Department of Biomedical Engineering and Institute for Computational Medicine, Johns Hopkins University, Baltimore, MD.
Department of Environmental Toxicology, University of California Santa Cruz, Santa Cruz, CA.
Mol Biol Evol. 2018 Jun 1;35(6):1507-1519. doi: 10.1093/molbev/msy036.
The evolution of new biochemical activities frequently involves complex dependencies between mutations and rapid evolutionary radiation. Mutation co-occurrence and covariation have previously been used to identify compensating mutations that are the result of physical contacts and preserve protein function and fold. Here, we model pairwise functional dependencies and higher order interactions that enable evolution of new protein functions. We use a network model to find complex dependencies between mutations resulting from evolutionary trade-offs and pleiotropic effects. We present a method to construct these networks and to identify functionally interacting mutations in both extant and reconstructed ancestral sequences (Network Analysis of Protein Adaptation). The time ordering of mutations can be incorporated into the networks through phylogenetic reconstruction. We apply NAPA to three distantly homologous β-lactamase protein clusters (TEM, CTX-M-3, and OXA-51), each of which has experienced recent evolutionary radiation under substantially different selective pressures.
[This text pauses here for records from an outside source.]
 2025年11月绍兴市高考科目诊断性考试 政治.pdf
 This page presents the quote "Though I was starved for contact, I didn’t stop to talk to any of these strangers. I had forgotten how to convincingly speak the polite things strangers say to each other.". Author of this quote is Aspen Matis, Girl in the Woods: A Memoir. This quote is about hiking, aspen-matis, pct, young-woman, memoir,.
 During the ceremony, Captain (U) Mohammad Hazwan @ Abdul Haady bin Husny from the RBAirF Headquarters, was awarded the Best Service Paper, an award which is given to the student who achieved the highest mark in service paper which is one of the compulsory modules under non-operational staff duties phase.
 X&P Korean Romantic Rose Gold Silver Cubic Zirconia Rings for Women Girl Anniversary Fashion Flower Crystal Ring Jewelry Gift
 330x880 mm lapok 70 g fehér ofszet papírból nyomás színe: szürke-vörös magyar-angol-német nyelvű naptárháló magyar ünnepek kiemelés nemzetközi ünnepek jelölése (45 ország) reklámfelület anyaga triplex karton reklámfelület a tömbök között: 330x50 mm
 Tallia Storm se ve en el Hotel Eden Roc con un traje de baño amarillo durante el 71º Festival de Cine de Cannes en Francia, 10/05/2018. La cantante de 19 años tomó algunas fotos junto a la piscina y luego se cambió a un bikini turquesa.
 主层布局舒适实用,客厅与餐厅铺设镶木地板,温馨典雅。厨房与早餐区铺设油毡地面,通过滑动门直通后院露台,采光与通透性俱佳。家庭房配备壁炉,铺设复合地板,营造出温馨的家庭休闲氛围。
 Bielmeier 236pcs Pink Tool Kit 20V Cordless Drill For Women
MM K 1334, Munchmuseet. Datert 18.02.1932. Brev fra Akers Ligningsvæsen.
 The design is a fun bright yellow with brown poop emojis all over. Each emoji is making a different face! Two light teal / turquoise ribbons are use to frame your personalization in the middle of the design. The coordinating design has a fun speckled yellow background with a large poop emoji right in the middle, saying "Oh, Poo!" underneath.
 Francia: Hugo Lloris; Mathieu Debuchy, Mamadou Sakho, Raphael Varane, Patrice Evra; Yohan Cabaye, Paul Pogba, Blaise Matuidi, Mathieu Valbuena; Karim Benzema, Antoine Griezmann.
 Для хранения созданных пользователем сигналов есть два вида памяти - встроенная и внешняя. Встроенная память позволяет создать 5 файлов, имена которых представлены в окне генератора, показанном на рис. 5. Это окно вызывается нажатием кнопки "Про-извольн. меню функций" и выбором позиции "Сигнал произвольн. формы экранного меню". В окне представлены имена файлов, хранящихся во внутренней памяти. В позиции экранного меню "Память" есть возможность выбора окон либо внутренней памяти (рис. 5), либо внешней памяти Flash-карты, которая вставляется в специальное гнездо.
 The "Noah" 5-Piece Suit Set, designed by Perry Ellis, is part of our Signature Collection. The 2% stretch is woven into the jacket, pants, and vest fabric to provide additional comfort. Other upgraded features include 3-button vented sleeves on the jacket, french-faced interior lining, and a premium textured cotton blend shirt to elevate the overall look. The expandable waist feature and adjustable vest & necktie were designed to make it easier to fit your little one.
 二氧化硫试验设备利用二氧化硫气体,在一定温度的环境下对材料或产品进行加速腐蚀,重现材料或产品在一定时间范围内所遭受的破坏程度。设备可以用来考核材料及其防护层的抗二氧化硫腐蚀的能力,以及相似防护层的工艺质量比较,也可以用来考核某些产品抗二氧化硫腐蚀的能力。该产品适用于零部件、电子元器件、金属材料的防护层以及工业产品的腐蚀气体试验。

By analyzing the network properties of each protein cluster, we identify key adaptive mutations, positive pairwise interactions, different adaptive solutions to the same selective pressure, and complex evolutionary trajectories likely to increase protein fitness. We also present evidence that incorporating information from phylogenetic reconstruction and ancestral sequence inference can reduce the number of spurious links in the network, whereas preserving overall network community structure. The analysis does not require structural or biochemical data. In contrast to function-preserving mutation dependencies, which are frequently from structural contacts, gain-of-function mutation dependencies are most commonly between residues distal in protein structure.
新生物化学活性的进化通常涉及突变之间的复杂依赖性和快速的进化辐射。突变共发生和共变以前被用来识别补偿突变,这些突变是物理接触的结果,保留了蛋白质的功能和折叠。在这里,我们构建了模型,用于研究导致进化权衡和多效性效应的突变之间的功能依赖性和更高阶的相互作用。我们使用网络模型来发现进化权衡和多效性效应中突变之间的复杂依赖性。我们提出了一种构建这些网络的方法,并在现存和重建的祖先序列中识别功能相互作用的突变(蛋白质适应的网络分析)。通过系统发育重建,可以将突变的时间顺序纳入网络中。我们将 NAPA 应用于三个远同源的β-内酰胺酶蛋白簇(TEM、CTX-M-3 和 OXA-51),每个蛋白簇都经历了近期的进化辐射,这些辐射受到了不同的选择压力。通过分析每个蛋白簇的网络属性,我们确定了关键的适应性突变、阳性的成对相互作用、对同一选择压力的不同适应性解决方案,以及可能增加蛋白质适应性的复杂进化轨迹。我们还提供了证据表明,从系统发育重建和祖先序列推断中整合信息可以减少网络中虚假链接的数量,同时保留网络整体社区结构。该分析不需要结构或生化数据。与功能保持突变依赖性不同,功能获得突变依赖性最常见于蛋白质结构中远距离的残基之间。